In the past, my kids and I had read a couple of random selections by the recently deceased British author Diana Wynne Jones, but we had never gone in depth into her large body of work until this summer. We were inspired by our book club, when another mom took a guest turn and announced we were going to be discussing Diana Wynne Jones’s work… all of it! We weren’t required to read all of it, but once we got started, we couldn’t stop.

Enchanted Glass
Enchanted Glass was a late novel for Diana Wynne Jones, offering a new world in which magic is woven into everyday life.

We started with The Enchanted Glass, a wonderful little novel that reads like the great beginning to a long series. Unfortunately, Jones died soon after this novel was released, so no more installments are forthcoming. The characters, however, live on in my mind, and while reading the rest of her books, I am getting a sense of where she might have gone with them.

Right now we’re working through all the books in the Chronicles of Chrestomanci, a group of inter-related novels about storylines that take place in a series of related worlds. Most of the books feature the wonderful and slightly ironic figure of our “contemporary” Chrestomanci, Christopher Chant. (Chrestomanci is the title of a British government position in a world much like ours, so the series features different inhabitants of this job.) We love this Chrestomanci not only because he never fails to deliver as a dapper gentleman who is most focused and dangerous to his foes when he starts to look “vague.” We also love him because we get to know him as a boy, and we sense over and over how his experiences stick with him as he deals with all the magic-wielding children who come his way.

Jones’s most well-known series are probably the books related to Howl’s Moving Castle, which was made into a well received animé film that has, if I remember correctly, very little similarity to the book itself! The books are enjoyable and fanciful, if not Jones’ deepest work.

The interesting thing about Jones’ career is that it never took off in the way that her rabid fans think it should have. She was a steady, respected presence throughout her life, but her books have never inspired lines at midnight outside the book store, or high budget films that become the must-see film for every kid.

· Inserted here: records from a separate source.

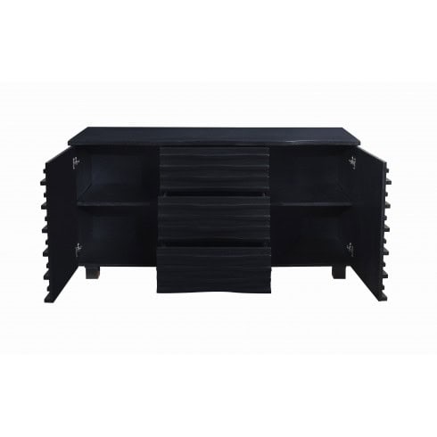 The Stanton Server by Coaster Furniture will give your contemporary casual dining and entertainment room a bold update. With this unique wave design and different chair options you can mix and match to create the perfect look for your home. Made from Ash veneers and finished in a rich black. Matching server features ample storage with cabinets and shelving.
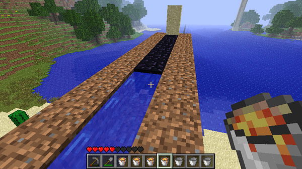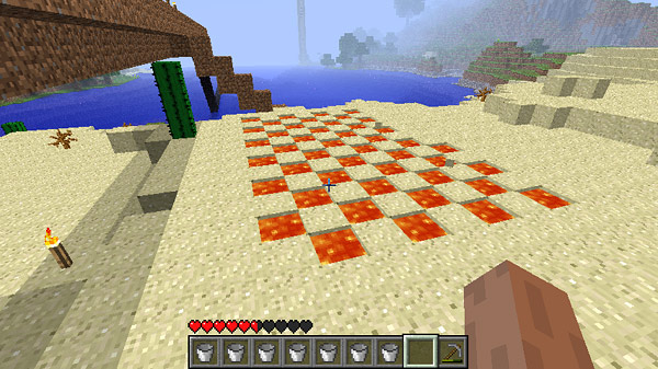 水平部分は海と同様に水に溶岩を掛けて生成させる予定なので、その為の淵を作ることにします。
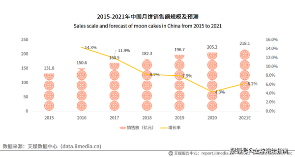 中國中秋月餅市場銷量逐年增長,預計2021年中國月餅銷售規模將達218億元。
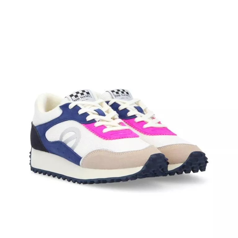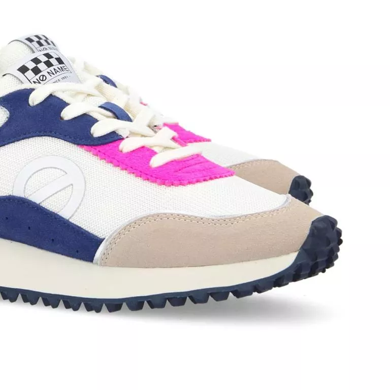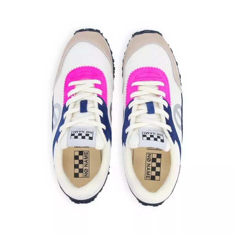 Joggers No Name pour femme. Version ultra féminine avec une tige en mesh recyclé et des touches de cuir velours. Semelle franchement crantée. Dessus : Cuir vachette velours, cuir recyclé, polyester. Doublure : Textile éponge. Semelle : EVA et caoutchouc recyclé.
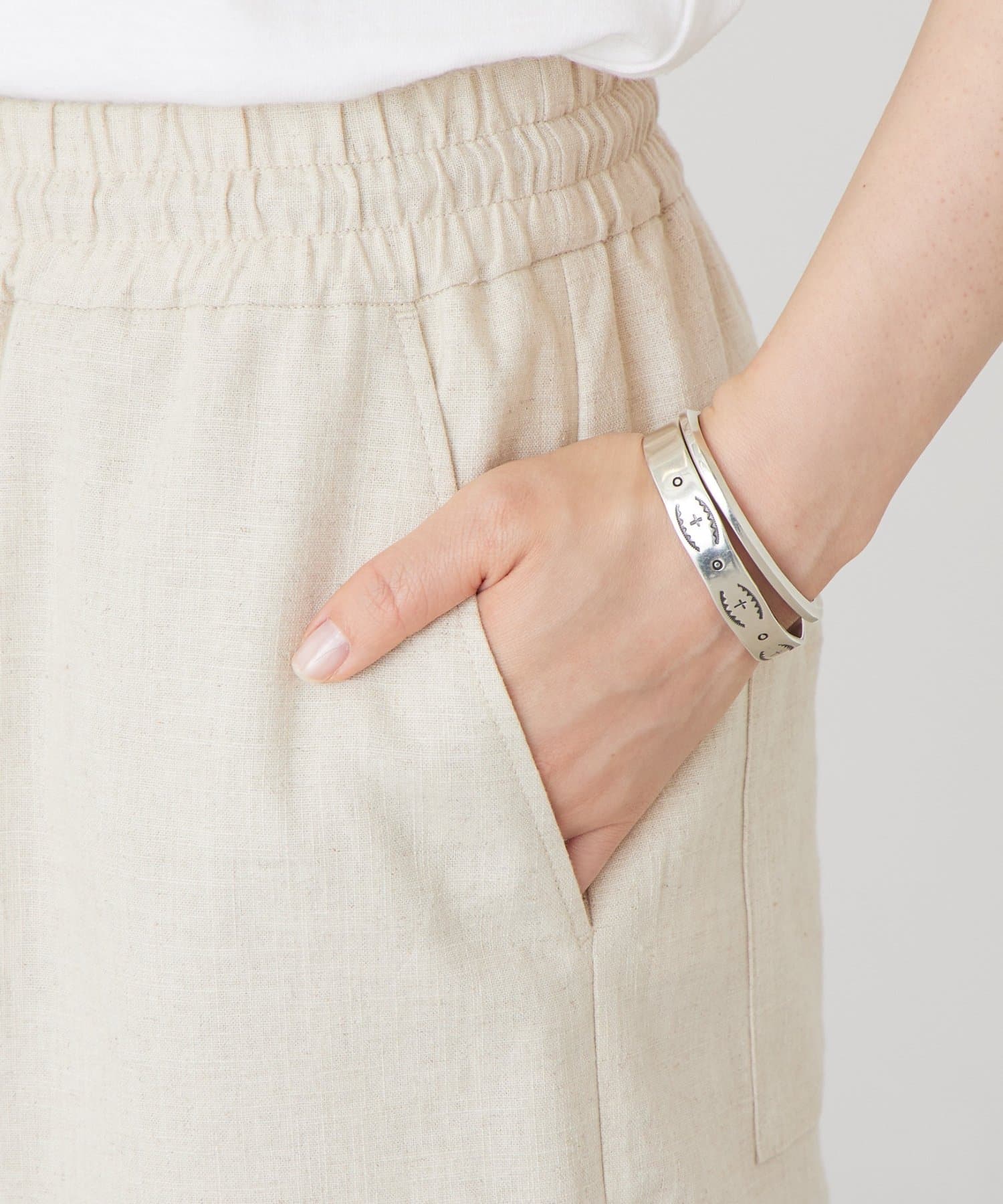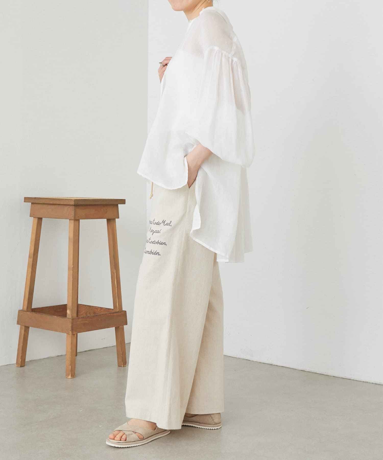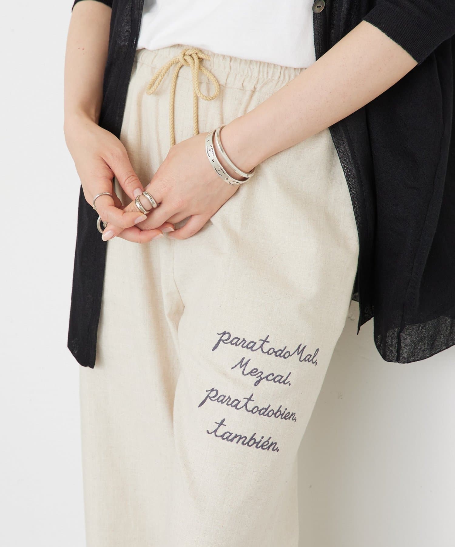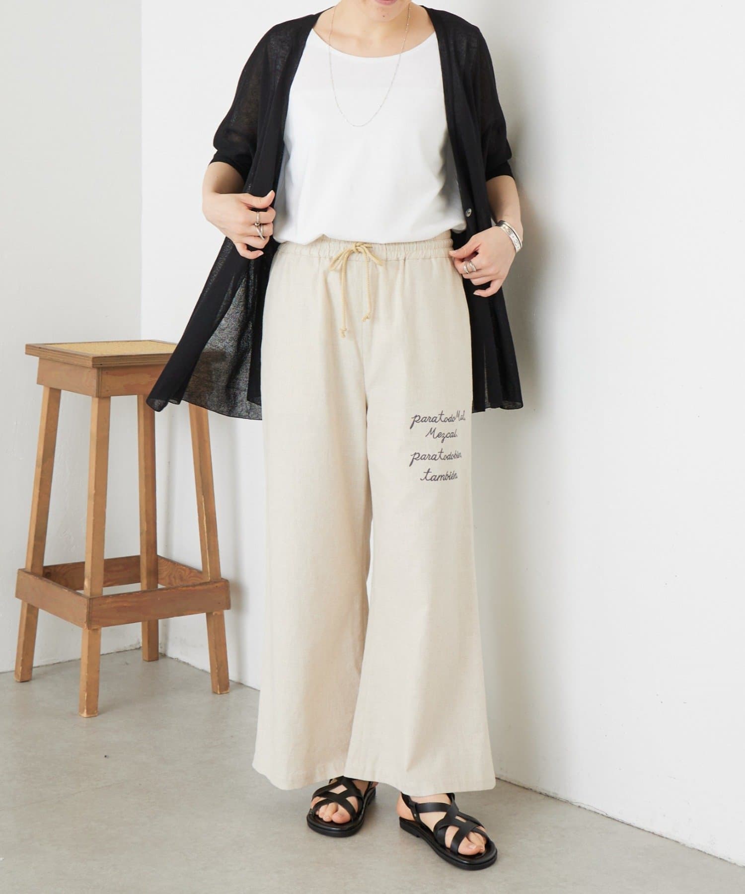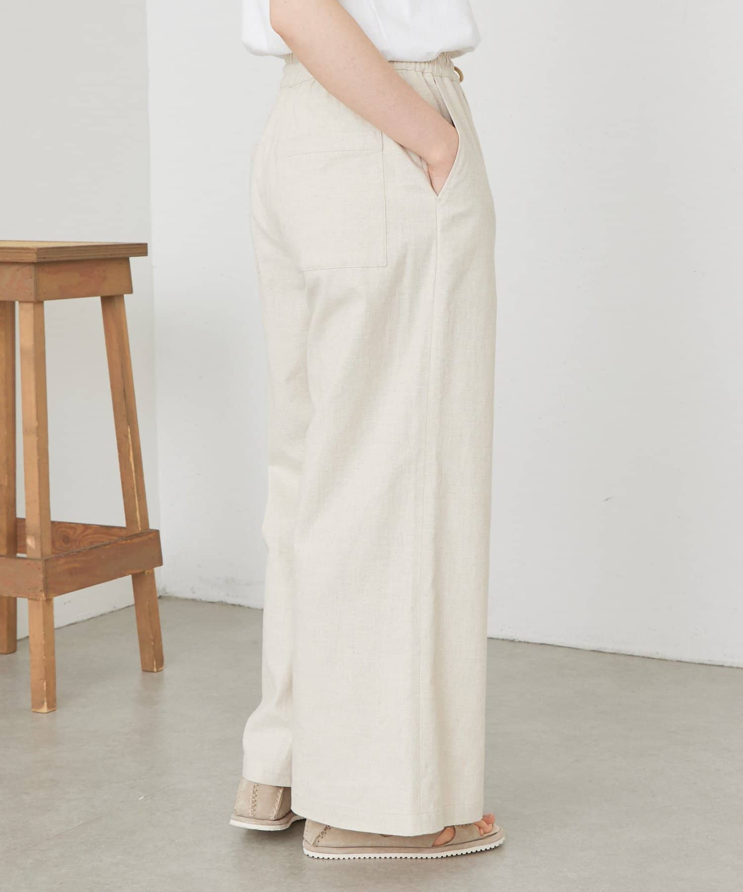 綿麻素材で汗ばむ季節も軽やかで快適な穿き心地をキープします。

Part of the reason for this, I think, is how internal Jones’s books are. Things do happen in the books, but the plot is seldom the focus of the book. Instead, what happens inside the characters—both major and minor characters—is the main focus and the beauty of these books. The kids in these books are desperately trying to hang on amidst events that they have little control over. The adults are flawed and real, only sometimes doing what the kids need them to do.

Another reason the books may not generate the fever of a series like Harry Potter (which owes a lot to Jones’ work) is that she made some major marketing mistakes: She doesn’t have a clear line between good and evil in her books; she doesn’t feature one character as the focus; she doesn’t have a single plot line that keeps readers waiting for the next installment. Instead, her books dip into the lives of groups of characters. She has great respect for her characters, even when they do bad things. She creates characters and worlds so vivid that they live in on the reader’s mind, even when she has gone on to a new world and a new set of characters.

Having now read over half of her books, I can’t recommend them more highly for your kids of any age. They draw in little ones who love the beautiful descriptions. They entertain the kids who like humor and offer enough action and pyrotechnics for kids who crave such things. They help kids understand motives—their own and others. They respect children and adults and all the complex situations we find ourselves in.

For me, Diana Wynne Jones’s books are simply some of the best that you could read with your kids. She has been a fascinating companion to have in our car, inspiring a number of great conversations and ideas.